Sur la petite route de sable, le paysage finlandais défilait
sous le regard las des deux hommes ; aucun d'eux ne prêtait
la moindre attention à la beauté du soir.
C'étaient un journaliste et un photographe en
service commandé, deux êtres cyniques, malheureux.
Ils approchaient de la quarantaine et les espoirs qu'ils avaient
nourris dans leur jeunesse étaient loin, très loin
de s'être réalisés. Ils étaient mariés,
trompés, déçus, et avaient chacun un début
d'ulcère à l'estomac et bien d'autres soucis quotidiens.
Ils venaient de se quereller pour savoir s'ils devaient
rentrer à Helsinki ou s'il valait mieux passer la nuit à
Heinola. Depuis, ils ne se parlaient plus.
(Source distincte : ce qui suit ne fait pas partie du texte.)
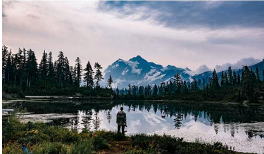
آموزش عکاسی قدم به قدم

گام بعدی تعیین هدف است. چقدر می خواهید از علایق خود عکاسی کنید؟ این کار می تواند یک سرگرمی یا یک کار حرفه ای باشد، بنابراین الویت و هدف را مشخص کنید. آیا می خواهید عکاسی مراسم هایی مثل عروسی و ... را انجام دهید یا اینکه علاقه مند به عکاسی صنعتی هستید؟

Ils traversaient en crabe la splendeur du soir, la tête
rentrée, butés, l'esprit tendu, sans même s'apercevoir
de tout ce que leur course avait de misérable. Ils voyageaient
blasés, fatigués.
Sur une petite colline exposée au soleil, un
jeune lièvre
s'essayait à bondir ; dans l'ivresse de l'été
il s'arrêta au milieu de la route, debout sur ses pattes de
derrière, le soleil rouge encadrait le levraut comme un tableau.
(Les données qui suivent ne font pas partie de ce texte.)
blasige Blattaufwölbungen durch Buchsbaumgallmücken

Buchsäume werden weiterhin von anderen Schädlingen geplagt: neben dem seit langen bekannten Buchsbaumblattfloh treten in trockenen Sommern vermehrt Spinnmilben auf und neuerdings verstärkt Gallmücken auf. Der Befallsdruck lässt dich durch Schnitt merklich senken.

Le photographe au volant de la voiture vit le petit
animal sur la route mais son cerveau engourdi était incapable
de réagir assez vite, il ne put l'éviter. Un soulier
poussiéreux écrasa lourdement le frein, mais trop
tard. L'animal terrifié sauta en l'air devant le capot, on
entendit un choc sourd quand il cogna le coin du pare-brise avant
de valdinguer dans les bois.
« Hé ! On a écrasé
un lièvre ! dit le journaliste.
Putain de bestiole, encore heureux qu'elle
n'ait pas cassé le pare-brise. »
Le photographe arrêta la voiture et recula jusqu'au
lieu de l'incident. Le journaliste descendit.
« Tu le vois ? », demanda
le photographe à contre-cur. Il avait baissé
la vitre, mais sans couper le contact.
« Quoi ? » cria le journaliste
de la forêt.
Le photographe alluma une cigarette, la téta
paupières closes. Il ne revint à la réalité
qu'en sentant la cigarette lui brûler le bout des ongles.
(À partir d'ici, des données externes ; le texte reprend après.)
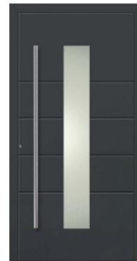
M10 | DB 703 Dunkelgraumetallic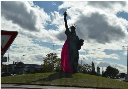
Frihedsgudinden ved Colmar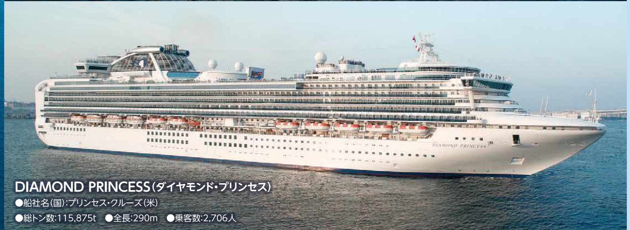
DIAMOND PRINCESS (ダイヤモンド・プリンセス) ●船社名(国): プリンセス・クルーズ(米) ●総トン数: 115,875t ●全長: 290m ●乗客数: 2,706人

« Viens donc, je n'ai pas de temps à
perdre avec cet idiot de lapin. »
Le journaliste marchait distraitement dans le bois clairsemé ;
il atteignit la lisière d'un petit carré de prairie,
sauta le fossé et scruta la pelouse vert foncé. Dans
les herbes, il aperçut le levraut.
Sa patte arrière était cassée. Elle pendouillait
tristement au-dessous du genou et l'animal était si mal en
point qu'il n'essaya pas de fuir en voyant l'homme approcher.